I wondered who or what he was thinking of, because how much he loved them made me cry.

5 Comments to “Sometimes I Cry At Strangers.”

  1. By rachel, February 17, 2009 @ 12:44 pm

    Wait, you were crying about BRAD?? I saw you wipe tears from your eyes, but I thought it was about how transparently sad Kim was, even though she was smiling and dancing to happy songs.

    Then again, at least you weren’t weeping over my bizarre aspiration to be a scimitar-bearing Cossack, when that was just wrong wrong WRONG, from both a military-history and aesthetic standpoint.

  2. By Liz, February 17, 2009 @ 3:58 pm

    Yes, I was crying at Brad, even though it wasn’t Brad.
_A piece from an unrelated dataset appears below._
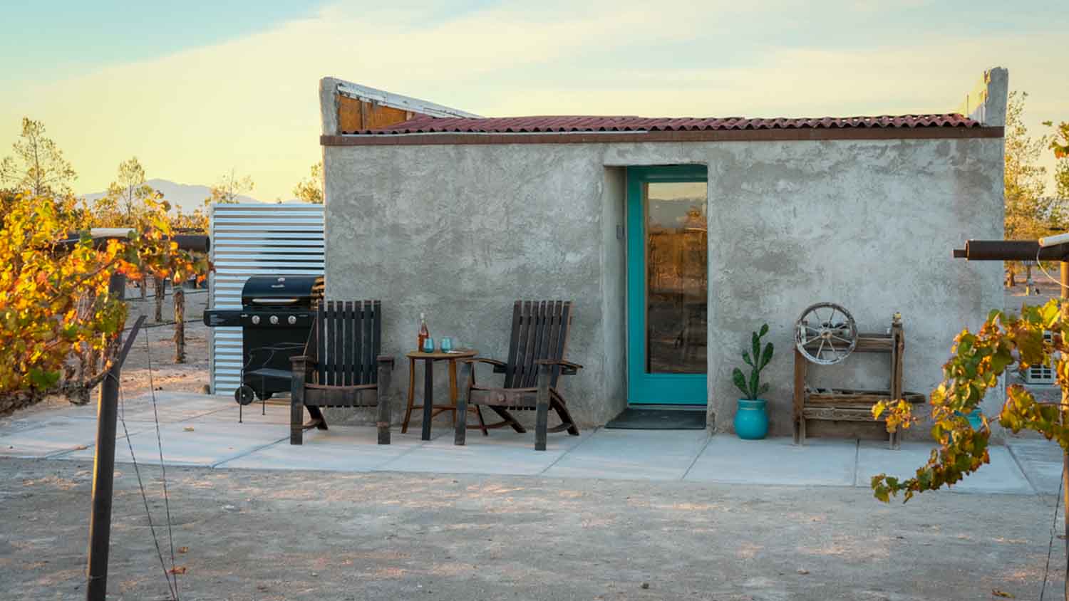 Located 20 minutes from the Death Valley Junction entrance of Death Valley National Park, Tarantula Ranch offers visitors a basecamp while exploring Death Valley and Ash Meadows National Wildlife Refuge. The campground is positioned around a small family vineyard and offers five campsites, three glamping sites, and a private studio apartment available year-round. In addition, this pet-friendly spot boasts a community area (The Wine Hall), an outdoor kitchen, an outdoor shower, amazing night skies… and strong wi-fi.

And ‘Somewhere Over The Rainbow’ isn’t a happy song, I would like to point out!

    But it would be hypocritical for me to laugh at your trans-Caucasus aspirations while I still harbor the wish to dance as a Gahwazee cowgirl at some point in my life.

  3. By Beth, February 17, 2009 @ 5:59 pm

    Okay, I was thinking “Somewhere Under the Rainbow” was some weird Al Jankovic satire.

  4. By Liz, February 17, 2009 @ 11:33 pm

    Beth, that’s what happens when I write when I’m sad and distracted: I make mistakes.

  5. By Beth, February 18, 2009 @ 11:33 pm

    I make mistakes when I have far less reason.